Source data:
__________________________________________________
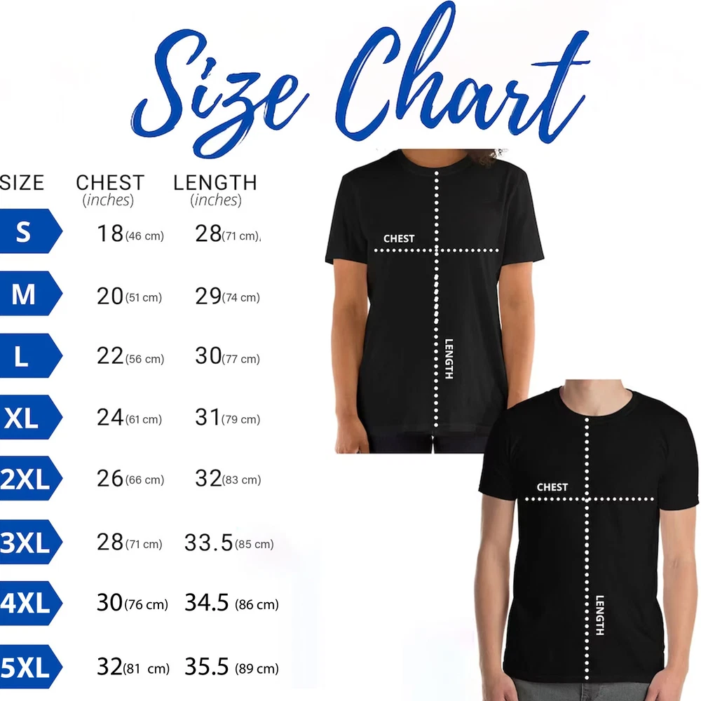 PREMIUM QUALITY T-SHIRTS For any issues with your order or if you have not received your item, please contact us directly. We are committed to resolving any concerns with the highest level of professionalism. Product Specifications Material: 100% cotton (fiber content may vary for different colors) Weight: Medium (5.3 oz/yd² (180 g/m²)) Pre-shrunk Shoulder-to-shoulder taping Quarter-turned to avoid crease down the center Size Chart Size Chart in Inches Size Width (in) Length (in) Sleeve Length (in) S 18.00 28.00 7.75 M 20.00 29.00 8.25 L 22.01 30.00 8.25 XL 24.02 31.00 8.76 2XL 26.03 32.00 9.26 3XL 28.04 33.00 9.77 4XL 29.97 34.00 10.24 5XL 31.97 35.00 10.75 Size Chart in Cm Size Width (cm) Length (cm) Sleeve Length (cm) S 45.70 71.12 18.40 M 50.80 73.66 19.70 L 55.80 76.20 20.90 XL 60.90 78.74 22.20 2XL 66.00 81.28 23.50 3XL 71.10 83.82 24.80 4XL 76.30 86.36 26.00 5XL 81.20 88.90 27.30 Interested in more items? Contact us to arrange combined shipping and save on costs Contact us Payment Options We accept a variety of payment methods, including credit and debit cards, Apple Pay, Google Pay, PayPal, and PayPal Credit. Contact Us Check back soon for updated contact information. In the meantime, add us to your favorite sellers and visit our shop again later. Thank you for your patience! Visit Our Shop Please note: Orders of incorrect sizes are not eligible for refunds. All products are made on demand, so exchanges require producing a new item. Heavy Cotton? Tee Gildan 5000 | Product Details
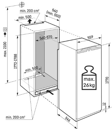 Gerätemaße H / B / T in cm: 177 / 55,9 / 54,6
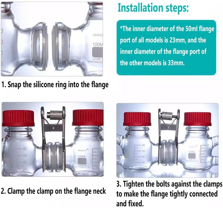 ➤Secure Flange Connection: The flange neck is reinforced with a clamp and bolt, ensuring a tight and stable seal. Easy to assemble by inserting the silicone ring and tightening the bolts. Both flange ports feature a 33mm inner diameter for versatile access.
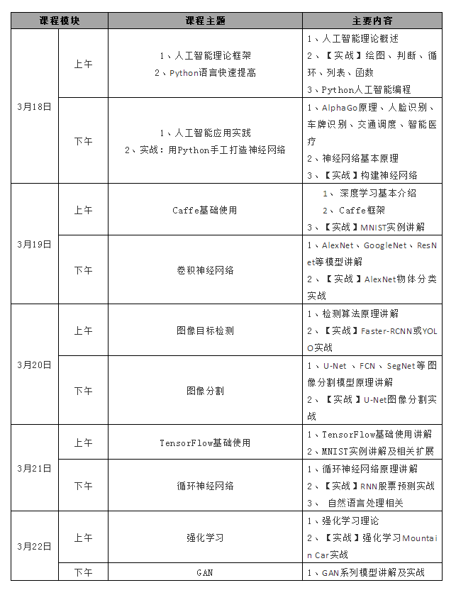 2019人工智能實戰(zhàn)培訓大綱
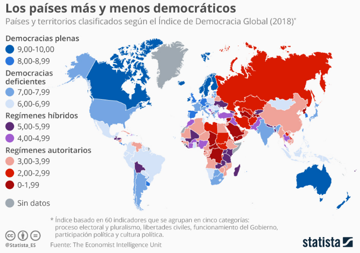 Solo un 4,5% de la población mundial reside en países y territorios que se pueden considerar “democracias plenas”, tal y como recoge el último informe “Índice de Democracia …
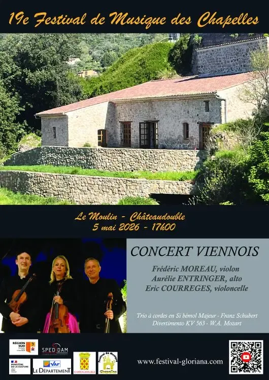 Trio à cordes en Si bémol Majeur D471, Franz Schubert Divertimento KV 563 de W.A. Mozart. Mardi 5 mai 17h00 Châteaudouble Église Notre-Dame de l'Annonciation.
__________________________________________________
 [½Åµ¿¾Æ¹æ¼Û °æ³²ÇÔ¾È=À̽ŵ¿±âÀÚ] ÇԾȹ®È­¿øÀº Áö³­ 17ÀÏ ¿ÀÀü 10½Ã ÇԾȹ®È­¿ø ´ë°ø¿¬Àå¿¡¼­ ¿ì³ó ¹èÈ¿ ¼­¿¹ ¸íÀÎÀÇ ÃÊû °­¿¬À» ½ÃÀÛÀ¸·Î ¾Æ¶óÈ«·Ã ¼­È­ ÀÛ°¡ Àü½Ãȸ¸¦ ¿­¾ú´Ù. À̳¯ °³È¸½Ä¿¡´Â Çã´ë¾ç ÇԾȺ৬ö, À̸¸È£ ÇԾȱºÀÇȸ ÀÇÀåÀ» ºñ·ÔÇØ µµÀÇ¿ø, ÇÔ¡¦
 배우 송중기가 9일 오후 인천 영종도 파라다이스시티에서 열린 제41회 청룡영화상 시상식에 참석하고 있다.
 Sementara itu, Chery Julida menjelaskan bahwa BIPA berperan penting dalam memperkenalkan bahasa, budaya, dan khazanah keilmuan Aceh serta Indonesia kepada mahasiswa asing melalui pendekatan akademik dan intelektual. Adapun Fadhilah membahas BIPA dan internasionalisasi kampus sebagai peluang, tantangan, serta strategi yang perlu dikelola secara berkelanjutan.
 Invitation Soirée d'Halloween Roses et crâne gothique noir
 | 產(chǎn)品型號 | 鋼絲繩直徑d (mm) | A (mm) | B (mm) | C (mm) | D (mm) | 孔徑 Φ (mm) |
__________________________________________________
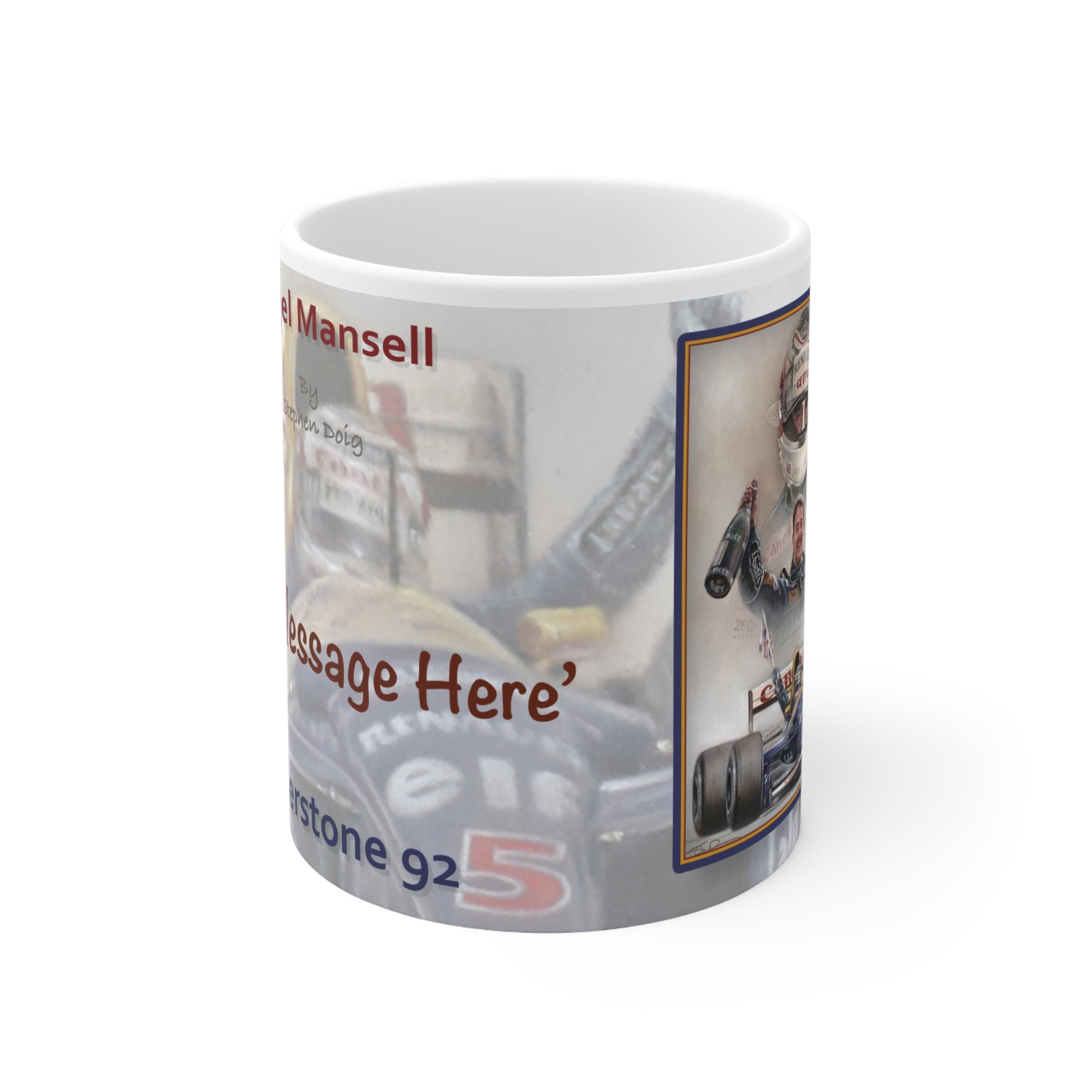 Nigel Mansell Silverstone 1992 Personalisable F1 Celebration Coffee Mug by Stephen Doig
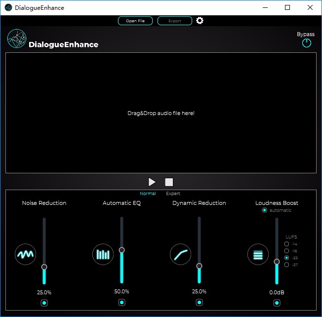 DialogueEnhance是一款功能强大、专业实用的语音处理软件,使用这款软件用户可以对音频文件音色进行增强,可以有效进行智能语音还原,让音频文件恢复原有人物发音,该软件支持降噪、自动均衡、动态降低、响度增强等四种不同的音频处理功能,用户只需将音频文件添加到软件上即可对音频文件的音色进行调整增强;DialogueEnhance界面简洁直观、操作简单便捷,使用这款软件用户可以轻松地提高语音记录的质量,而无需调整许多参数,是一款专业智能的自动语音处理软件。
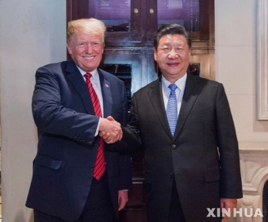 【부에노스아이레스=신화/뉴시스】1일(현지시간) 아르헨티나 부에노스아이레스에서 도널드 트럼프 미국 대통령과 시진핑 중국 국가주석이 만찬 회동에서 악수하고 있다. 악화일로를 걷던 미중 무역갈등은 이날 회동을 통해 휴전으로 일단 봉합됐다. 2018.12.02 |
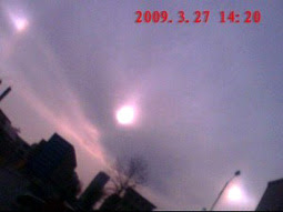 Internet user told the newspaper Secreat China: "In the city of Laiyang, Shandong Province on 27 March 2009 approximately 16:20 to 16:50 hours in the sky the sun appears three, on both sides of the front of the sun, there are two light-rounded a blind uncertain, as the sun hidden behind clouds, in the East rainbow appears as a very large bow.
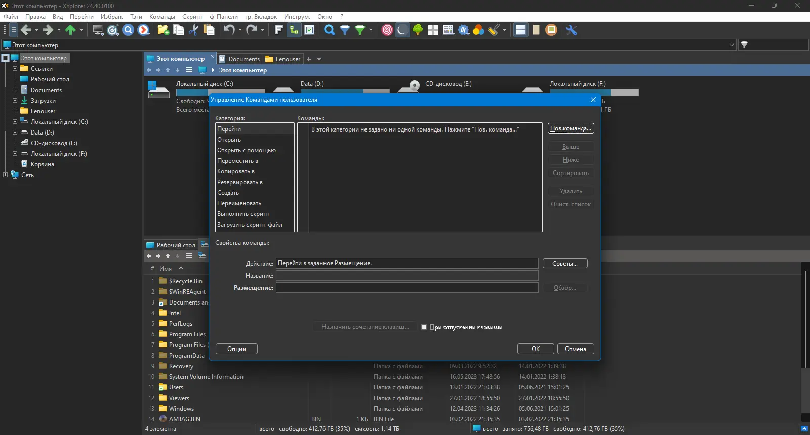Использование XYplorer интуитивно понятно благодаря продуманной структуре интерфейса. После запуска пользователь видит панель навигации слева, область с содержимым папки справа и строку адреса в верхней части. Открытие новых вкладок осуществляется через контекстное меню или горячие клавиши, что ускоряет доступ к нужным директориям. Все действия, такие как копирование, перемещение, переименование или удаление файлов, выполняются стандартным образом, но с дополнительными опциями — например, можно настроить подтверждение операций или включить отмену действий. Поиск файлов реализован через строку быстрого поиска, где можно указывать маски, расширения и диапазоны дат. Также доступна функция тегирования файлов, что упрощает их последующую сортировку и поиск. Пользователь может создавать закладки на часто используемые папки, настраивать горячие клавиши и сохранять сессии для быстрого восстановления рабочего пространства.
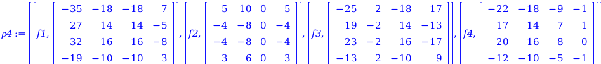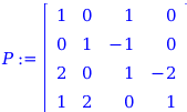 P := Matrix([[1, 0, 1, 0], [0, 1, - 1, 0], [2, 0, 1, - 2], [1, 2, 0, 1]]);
__________________________________________________
- **TRY IT**
Copy, exactly and only, the lines above that begin with the one containing "배우 송중기가 9일 오후" and finish with the one containing "孔徑 Φ (mm) |".

- **SOLUTION BELOW**
 배우 송중기가 9일 오후 인천 영종도 파라다이스시티에서 열린 제41회 청룡영화상 시상식에 참석하고 있다.
 Sementara itu, Chery Julida menjelaskan bahwa BIPA berperan penting dalam memperkenalkan bahasa, budaya, dan khazanah keilmuan Aceh serta Indonesia kepada mahasiswa asing melalui pendekatan akademik dan intelektual. Adapun Fadhilah membahas BIPA dan internasionalisasi kampus sebagai peluang, tantangan, serta strategi yang perlu dikelola secara berkelanjutan.
 Invitation Soirée d'Halloween Roses et crâne gothique noir
 | 產(chǎn)品型號 | 鋼絲繩直徑d (mm) | A (mm) | B (mm) | C (mm) | D (mm) | 孔徑 Φ (mm) |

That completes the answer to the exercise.